YOUR OBJECTIVE | Every line in the data below has to be repeated exactly; no picture belongs in the result.

GIVEN INFORMATION |
- Opening Delimiter -

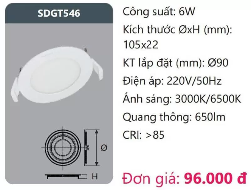 Đèn LED panel âm trần SDGT546 Công suất: 6W Kích thước ØxH (mm): 105 x 22 KT lắp đặt (mm): Ø90 Điện áp: 220V/50Hz Ánh sáng: 3000K/6500K Quang thông: 650lm CRI: >85 Xem thêm bảng giá Full: https://skyled.com.vn/bang-gia-den-duhal-moi-nhat/
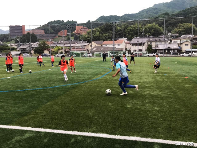 初回のテーマは「攻防」で、その中で「自分で判断してアクションする」「勝負に勝つ」として行いました。最初こそ判断の部分で戸惑いも感じられましたが、徐々に選手が自らの判断で行動するようになり、勝負にもこだわる姿勢が見られました。何より、「彼女たちのサッカーが大好き!」という表情を見せ、プレーをしてくれたことが、大きな成果だと感じています。
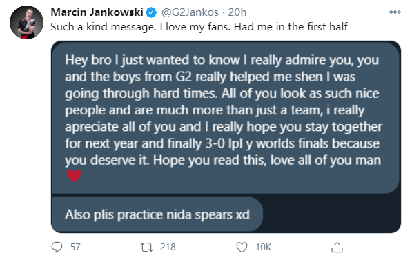 G2的打野选手Jankos在推特上分享了一则来自粉丝的暖心消息:
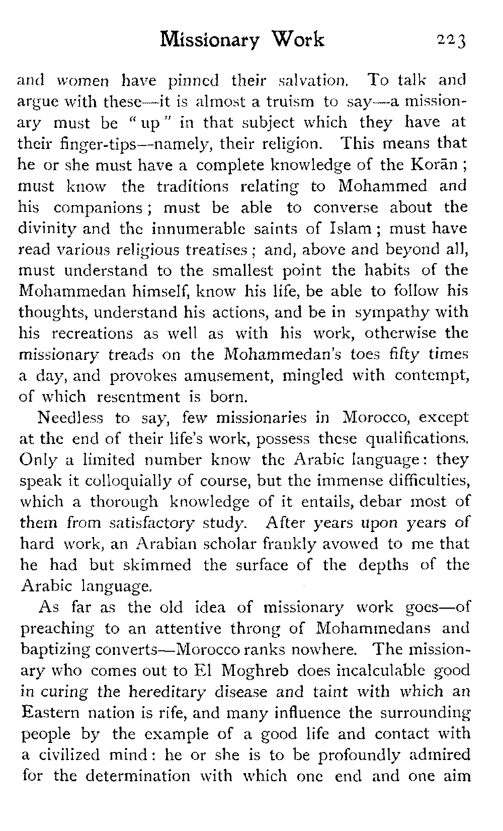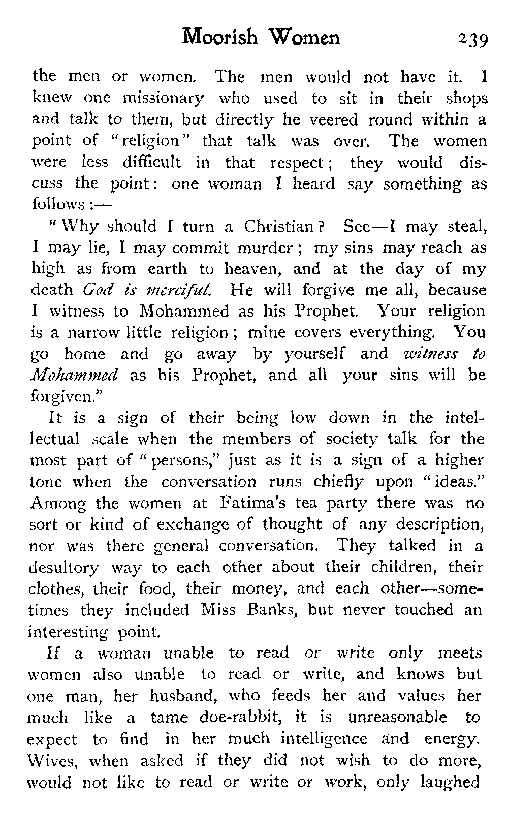 Its remote removal from all appertaining to the twentieth century, its strangely simple, untaught life, the solemn, stately men, the veiled women and their eyes, the steely blue cactus, the white cities and the glaring light, the mystery and the fatalism which intensify the air, are alike oddly inevitable and incomprehensible to a European. The other side of the closed door has always constituted, for the wandering vagrants among mankind, their hearts' desire. For them there is still Morocco; and the door will be shut in their faces again and again by a people and a faith and customs which they can never understand. And though it be useless they will still go on, because it seems the best thing.

- Closing Delimiter -

SOLVED PROBLEM |
 Đèn LED panel âm trần SDGT546 Công suất: 6W Kích thước ØxH (mm): 105 x 22 KT lắp đặt (mm): Ø90 Điện áp: 220V/50Hz Ánh sáng: 3000K/6500K Quang thông: 650lm CRI: >85 Xem thêm bảng giá Full: https://skyled.com.vn/bang-gia-den-duhal-moi-nhat/
 初回のテーマは「攻防」で、その中で「自分で判断してアクションする」「勝負に勝つ」として行いました。最初こそ判断の部分で戸惑いも感じられましたが、徐々に選手が自らの判断で行動するようになり、勝負にもこだわる姿勢が見られました。何より、「彼女たちのサッカーが大好き!」という表情を見せ、プレーをしてくれたことが、大きな成果だと感じています。
 G2的打野选手Jankos在推特上分享了一则来自粉丝的暖心消息:
 Its remote removal from all appertaining to the twentieth century, its strangely simple, untaught life, the solemn, stately men, the veiled women and their eyes, the steely blue cactus, the white cities and the glaring light, the mystery and the fatalism which intensify the air, are alike oddly inevitable and incomprehensible to a European. The other side of the closed door has always constituted, for the wandering vagrants among mankind, their hearts' desire. For them there is still Morocco; and the door will be shut in their faces again and again by a people and a faith and customs which they can never understand. And though it be useless they will still go on, because it seems the best thing.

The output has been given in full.